* TASK TO CARRY OUT
Restate each entry below exactly; pictures stay out of the copy.

* DATA EXTRACT
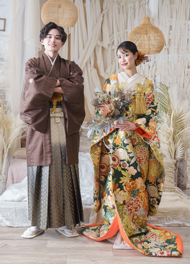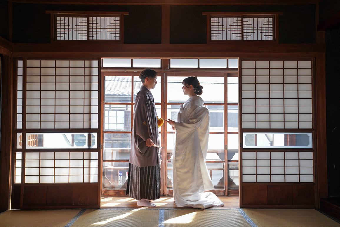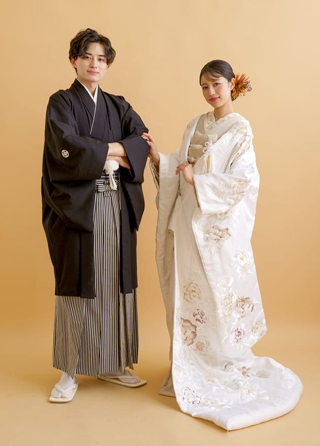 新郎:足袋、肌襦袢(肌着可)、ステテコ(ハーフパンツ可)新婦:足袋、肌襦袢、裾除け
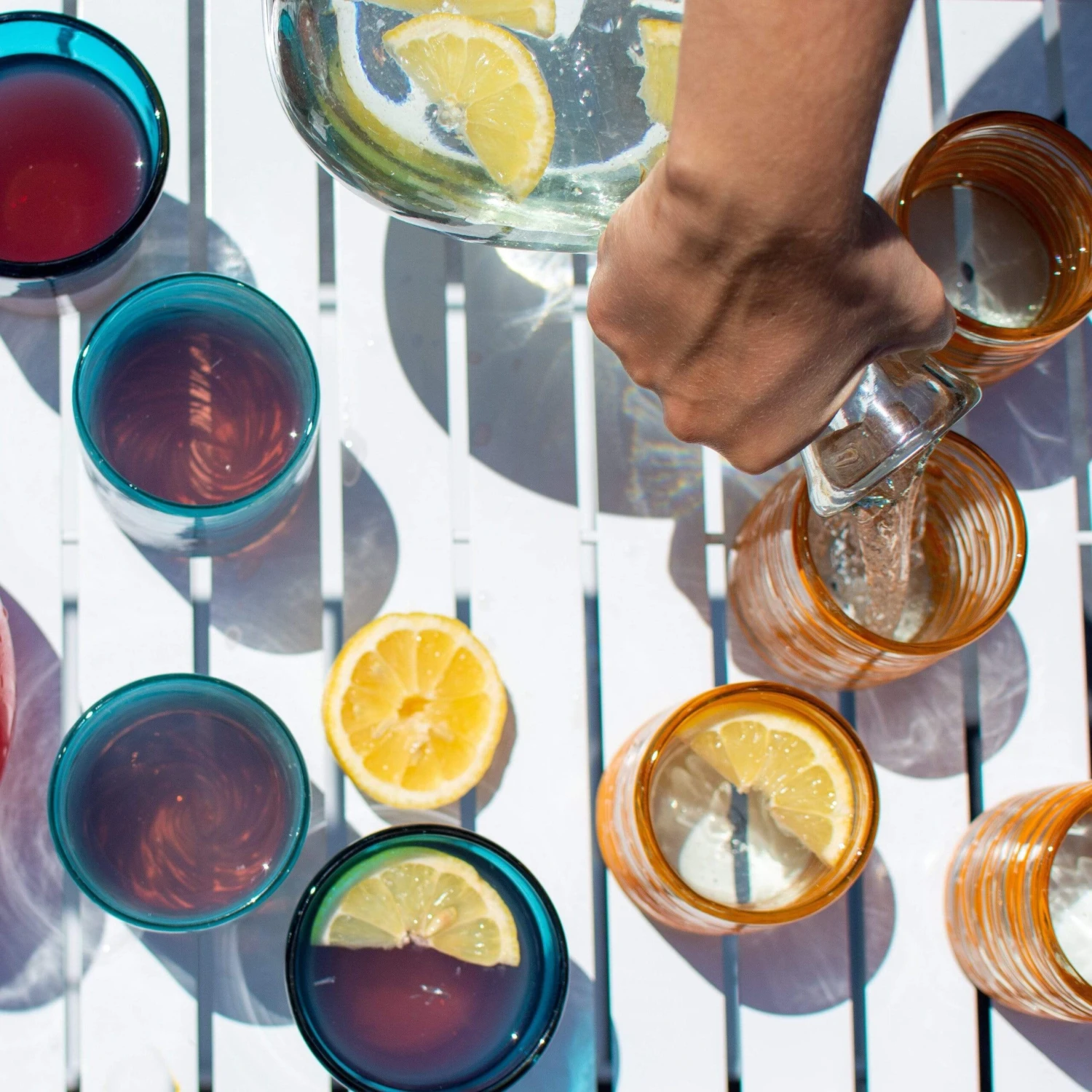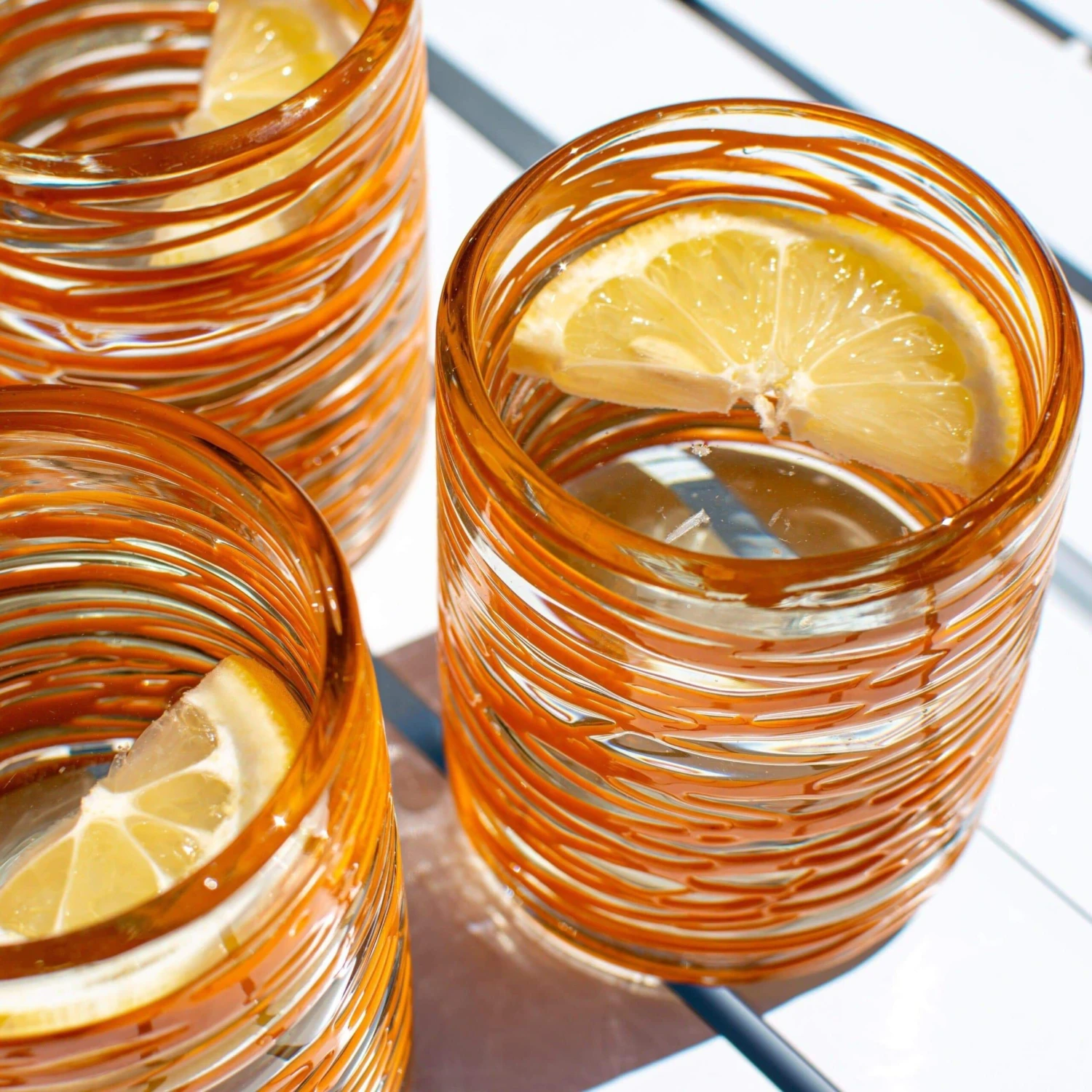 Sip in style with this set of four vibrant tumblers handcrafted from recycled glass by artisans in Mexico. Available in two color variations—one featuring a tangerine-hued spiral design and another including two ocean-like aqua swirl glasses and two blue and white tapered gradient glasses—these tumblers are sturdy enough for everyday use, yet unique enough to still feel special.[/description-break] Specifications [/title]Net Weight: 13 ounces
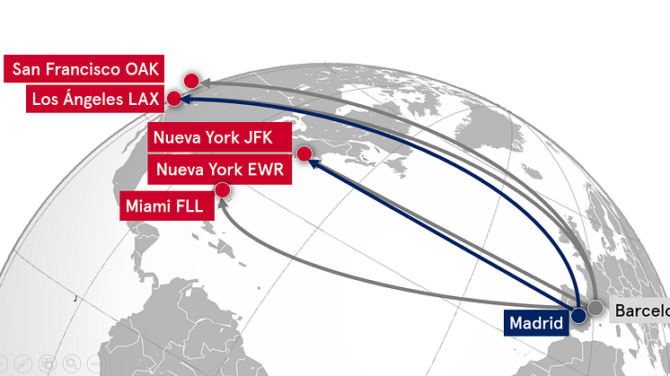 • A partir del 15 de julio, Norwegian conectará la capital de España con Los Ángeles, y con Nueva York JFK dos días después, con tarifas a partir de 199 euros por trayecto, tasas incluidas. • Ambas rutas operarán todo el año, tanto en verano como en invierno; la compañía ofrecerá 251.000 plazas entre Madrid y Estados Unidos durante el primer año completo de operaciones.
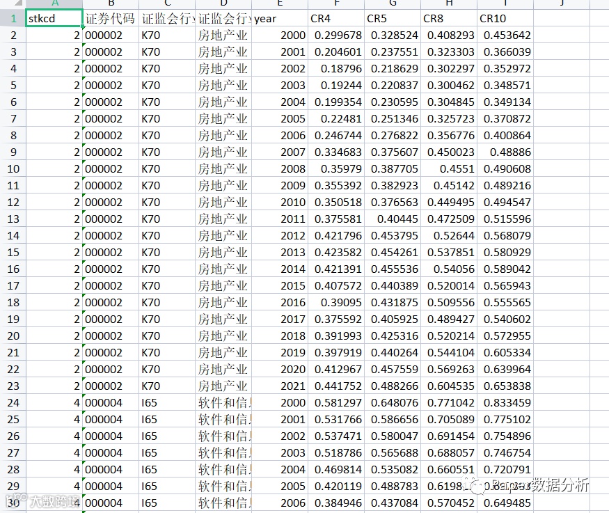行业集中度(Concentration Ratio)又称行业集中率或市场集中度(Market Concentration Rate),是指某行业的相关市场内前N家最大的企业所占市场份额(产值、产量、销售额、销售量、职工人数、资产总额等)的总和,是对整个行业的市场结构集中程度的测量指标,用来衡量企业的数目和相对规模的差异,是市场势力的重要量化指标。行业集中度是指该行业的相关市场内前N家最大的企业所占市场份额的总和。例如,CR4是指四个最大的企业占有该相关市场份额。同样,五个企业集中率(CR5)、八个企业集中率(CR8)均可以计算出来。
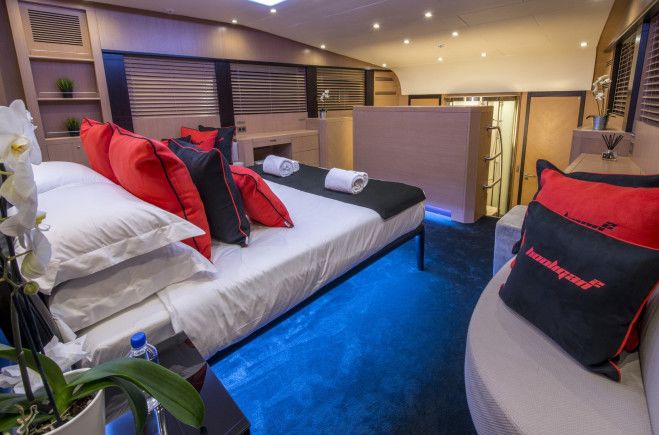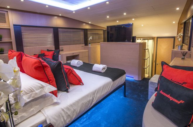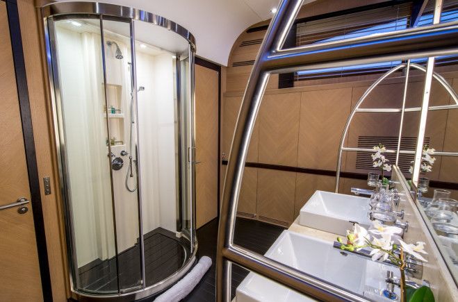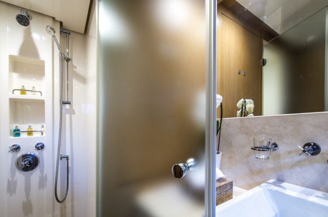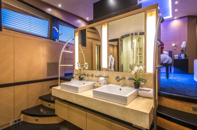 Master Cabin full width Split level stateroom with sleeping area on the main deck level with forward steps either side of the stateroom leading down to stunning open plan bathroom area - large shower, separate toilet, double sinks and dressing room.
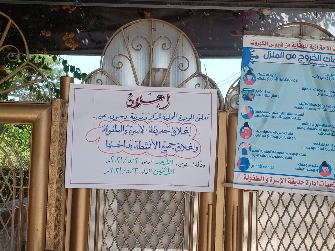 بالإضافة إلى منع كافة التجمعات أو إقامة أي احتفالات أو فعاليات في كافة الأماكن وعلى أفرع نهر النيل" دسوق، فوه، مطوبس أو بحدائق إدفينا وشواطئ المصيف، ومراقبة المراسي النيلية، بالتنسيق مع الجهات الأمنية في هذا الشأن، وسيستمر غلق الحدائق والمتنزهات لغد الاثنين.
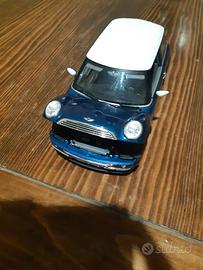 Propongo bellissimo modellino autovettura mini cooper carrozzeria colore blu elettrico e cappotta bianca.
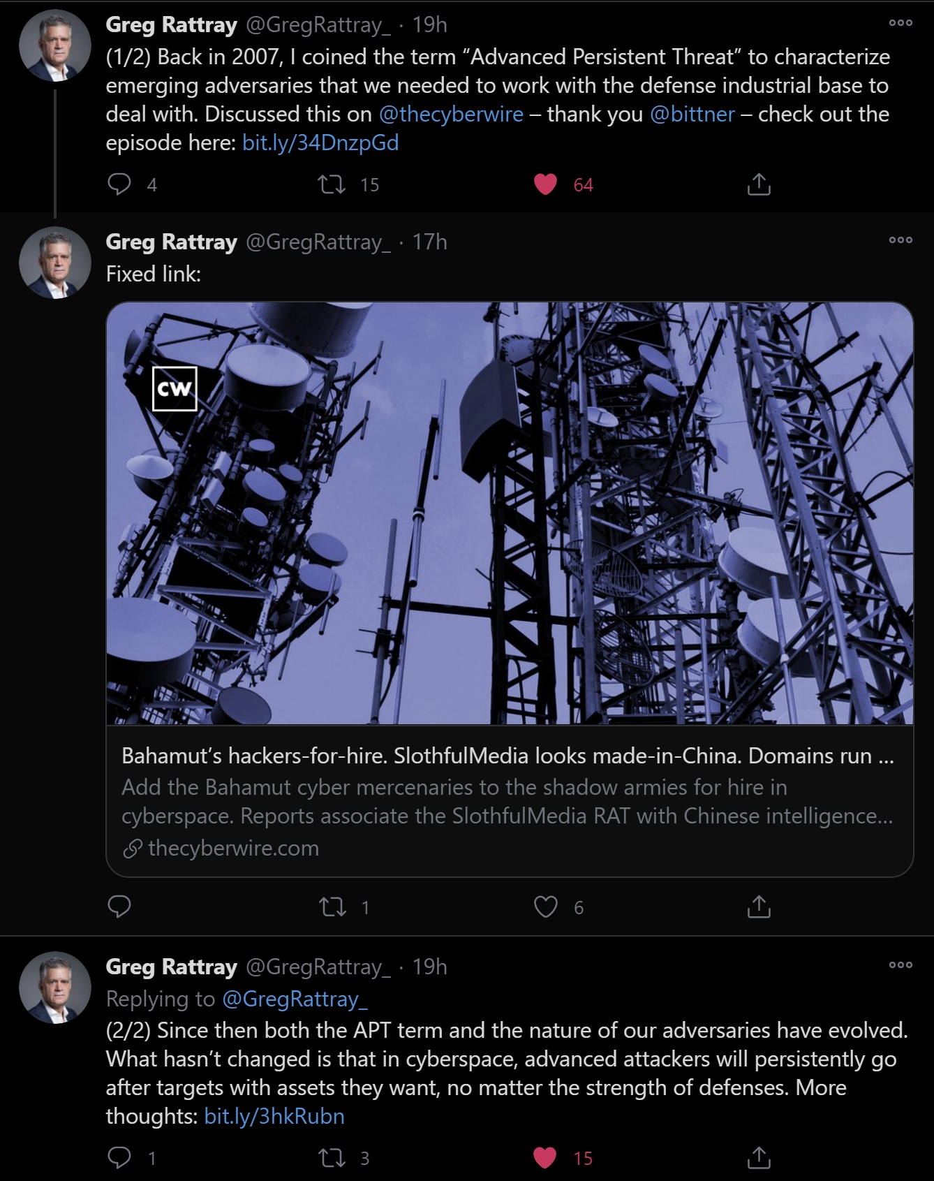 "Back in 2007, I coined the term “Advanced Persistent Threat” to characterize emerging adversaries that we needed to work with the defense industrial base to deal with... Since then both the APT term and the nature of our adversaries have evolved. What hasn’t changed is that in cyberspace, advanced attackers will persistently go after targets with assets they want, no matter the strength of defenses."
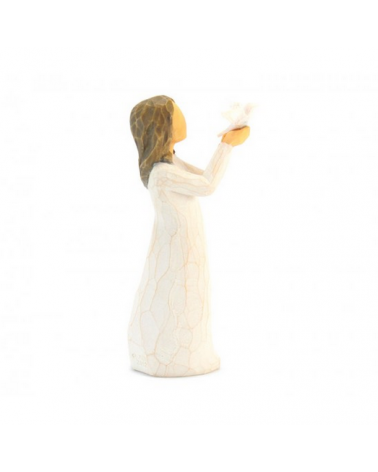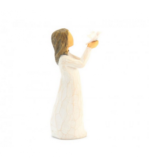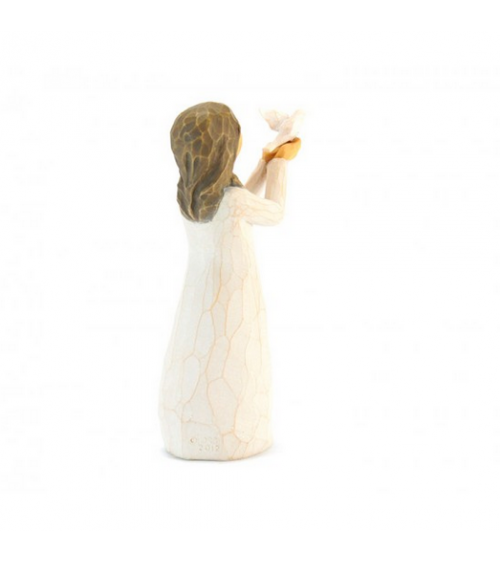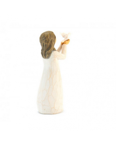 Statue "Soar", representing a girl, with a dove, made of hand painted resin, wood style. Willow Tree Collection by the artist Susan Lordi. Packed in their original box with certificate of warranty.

* EXPECTED ANSWER
 新郎:足袋、肌襦袢(肌着可)、ステテコ(ハーフパンツ可)新婦:足袋、肌襦袢、裾除け
 Sip in style with this set of four vibrant tumblers handcrafted from recycled glass by artisans in Mexico. Available in two color variations—one featuring a tangerine-hued spiral design and another including two ocean-like aqua swirl glasses and two blue and white tapered gradient glasses—these tumblers are sturdy enough for everyday use, yet unique enough to still feel special.[/description-break] Specifications [/title]Net Weight: 13 ounces
 • A partir del 15 de julio, Norwegian conectará la capital de España con Los Ángeles, y con Nueva York JFK dos días después, con tarifas a partir de 199 euros por trayecto, tasas incluidas. • Ambas rutas operarán todo el año, tanto en verano como en invierno; la compañía ofrecerá 251.000 plazas entre Madrid y Estados Unidos durante el primer año completo de operaciones.
行业集中度(Concentration Ratio)又称行业集中率或市场集中度(Market Concentration Rate),是指某行业的相关市场内前N家最大的企业所占市场份额(产值、产量、销售额、销售量、职工人数、资产总额等)的总和,是对整个行业的市场结构集中程度的测量指标,用来衡量企业的数目和相对规模的差异,是市场势力的重要量化指标。行业集中度是指该行业的相关市场内前N家最大的企业所占市场份额的总和。例如,CR4是指四个最大的企业占有该相关市场份额。同样,五个企业集中率(CR5)、八个企业集中率(CR8)均可以计算出来。
 Master Cabin full width Split level stateroom with sleeping area on the main deck level with forward steps either side of the stateroom leading down to stunning open plan bathroom area - large shower, separate toilet, double sinks and dressing room.
 بالإضافة إلى منع كافة التجمعات أو إقامة أي احتفالات أو فعاليات في كافة الأماكن وعلى أفرع نهر النيل" دسوق، فوه، مطوبس أو بحدائق إدفينا وشواطئ المصيف، ومراقبة المراسي النيلية، بالتنسيق مع الجهات الأمنية في هذا الشأن، وسيستمر غلق الحدائق والمتنزهات لغد الاثنين.
 Propongo bellissimo modellino autovettura mini cooper carrozzeria colore blu elettrico e cappotta bianca.
 "Back in 2007, I coined the term “Advanced Persistent Threat” to characterize emerging adversaries that we needed to work with the defense industrial base to deal with... Since then both the APT term and the nature of our adversaries have evolved. What hasn’t changed is that in cyberspace, advanced attackers will persistently go after targets with assets they want, no matter the strength of defenses."
 Statue "Soar", representing a girl, with a dove, made of hand painted resin, wood style. Willow Tree Collection by the artist Susan Lordi. Packed in their original box with certificate of warranty.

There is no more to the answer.